愛おしい。エティエンヌも、ルーも、アンヌも、ジャコブも、ドミニクも。愛おしくて仕方ない。彼等の愚直さや明るさ、暗さや寡黙さや聡さ、強さや狡さや脆さや弱さ、と言ったもののすべてが。彼等の不安や戸惑いや葛藤、皮肉や怒りや疑問、笑いや喜びやじゃれあいや安堵、と言った、すべてが。
異常の側にいる者。異常の側にて、静かに佇み続ける者。正常の側から、その無垢さを、煌めきを、懸命に守ろうとする者。自らがそちら側に行けぬ事を、もっと近くで寄り添えぬ事を、もどかしく思いながら。壊れぬよう、傷つかぬよう、切実に支えようとする者。その煌めきを、奇跡を、頑なに信じようとする者。頑なに信じ続けるが故に、苦しむ者。見え過ぎてしまう者。見え過ぎてしまうが故に、皮肉な顔をしている者。或いは当て馬周囲の良心。みな愛おしい。よくわからないまま、何一つ自覚する事もないまま、自らの感覚の赴くままついて行き、憤ったり、庇ったり、笑ったり、喜んだりしている内、最早離れられぬほどに強く馴染んでしまった者の言動に、自分は特に、救われる。
それは多くを知る者の眼差し。醜悪な争いや欲望に巻き込まれ、翻弄され、利用された子どもたちの姿。如何に過酷か。その強いられた生が、環境が。如何に悲惨なものであるか。よく知っている者の眼差し。凄絶なまでの無を。虚ろさを。混沌を。その如何に残酷で、不条理であるか。世界の、死の、殺戮の、多くを目の当たりにし、直に触れ、感じて来た者の。 祈りであるように思う。この作品自体が。皆川博子の、眼差しそのものであるように思う。
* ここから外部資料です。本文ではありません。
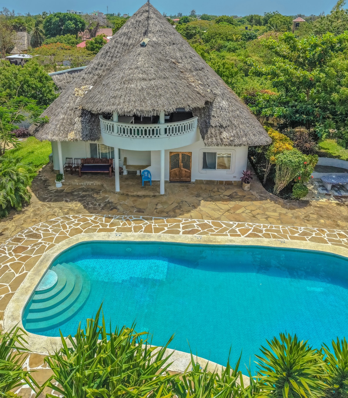 Welcome to Nature's Villa, your tropical retreat in Diani Beach, Kenya! Featuring a thatched roof, spacious interiors, and a private pool surrounded by lush greenery, it's perfect for relaxation. Enjoy garden views, a short trip to Diani Beach, full-time staff. STARLINK WI FI SOLAR BACK-UP Note: The pool has no lifeguard. Guests assume responsibility. The Villa offers comfort, tranquility, and adventure for an unforgettable stay!

子どもたちに対する。醜悪な争いに、欲望に、巻き込まれ、翻弄され、利用され、果てのない過酷さの内にて生きる事を強いられた子どもらへの。思いそのものであるように感じる。

綺麗で、温かく、眩く、けれど決して生易しいものではない終わり。虚ろさをなにで満たすか。自ら選び、その重さを、終わりのない事を、受諾した者の決意をも含め。愛おしい。